Enfin, on en vint à bout; et Jean-Michel, adossé à la cheminée, relut l'œuvre d'une voix qui tremblait de plaisir, tandis que Melchior, renversé sur sa chaise, regardait le plafond, et, hochant le menton, dégustait en fin connaisseur le style de l'épître qui suit;
«_Hautement Digne, Très sublime Altesse!_
«Depuis ma quatrième année, la Musique commença d'être la première de mes occupations juvéniles. Aussitôt que j'eus lié commerce avec la noble Muse, qui incitait mon âme à de pures harmonies, je l'aimai; et, à ce qu'il me sembla, elle me paya de retour. Maintenant, j'ai atteint le sixième de mes ans; et, depuis quelque temps, ma Muse, souventefois, dans les heures d'inspiration, me chuchotait à l'oreille: «Ose! Ose! Écris les harmonies de ton âme!»--«Six années! pensais-je; et comment oserais-je? Que diraient de moi les hommes savants dans l'art?» J'hésitais. Je tremblais. Mais ma Muse le voulut... J'obéis. J'écrivis.
«Et maintenant, aurai-je,
_ô Très Sublime Altesse!_
aurai-je la téméraire audace de déposer sur les degrés de Ton Trône les prémices de mes jeunes travaux?... Aurai-je la hardiesse d'espérer que Tu laisseras tomber sur eux l'auguste approbation de Ton regard paternel?...
« Oh! oui! car les Sciences et les Arts ont toujours trouvé en Toi leur sage Mécène, leur champion magnanime; et le talent fleurit sous l'égide de Ta sainte protection.
«Plein de cette foi profonde et assurée, j'ose donc m'approcher de Toi avec ces essais puérils. Reçois-les comme une pure offrande de ma vénération, et daigne, avec bonté,
_ô Très Sublime Altesse!_
jeter les yeux sur eux et sur leur jeune auteur, qui s'incline à Tes pieds, dans un profond abaissement!

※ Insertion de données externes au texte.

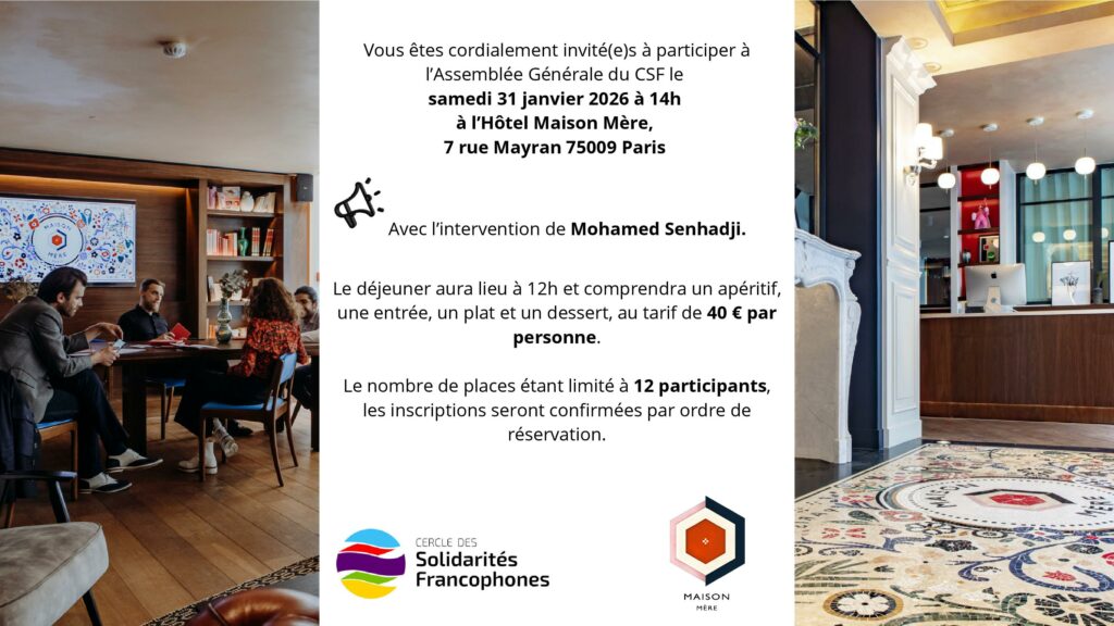 Si vous le voulez, vous pouvez participer au déjeuner sur place (apéro, entrée, plat, dessert, eau, vin et café) à partir de 12h00 en vous inscrivant via ce lien: https://www.helloasso.com/associations/cercle-des-solidarités-francophones/evenements/dejeuner-et-ag-du-csf-a-paris

_De Sa Hautement Digne, Très Sublime Altesse, le parfaitement soumis, fidèlement, très obéissant serviteur,_
_Jean-Christophe Krafft._»
Christophe n'entendit rien: il était trop heureux d'en être quitte; et, dans la crainte qu'on ne le fît recommencer encore, il se sauva dans les champs. Il n'avait nulle idée de ce qu'il avait écrit, et il ne s'en souciait point. Mais le vieux, après avoir terminé sa lecture, la reprit encore une fois, pour la mieux savourer; et quand ce fut fini, Melchior et lui déclarèrent que c'était un maître morceau. Ce fut aussi l'avis du grand-duc, à qui la lettre fut présentée, avec une copie de l'œuvre musicale. Il eut la bonté de faire dire que l'une et l'autre étaient d'un style charmant. Il autorisa le concert, ordonna de mettre à la disposition de Melchior la salle de son Académie de musique, et daigna promettre qu'il se ferait présenter le jeune artiste, le jour de son audition.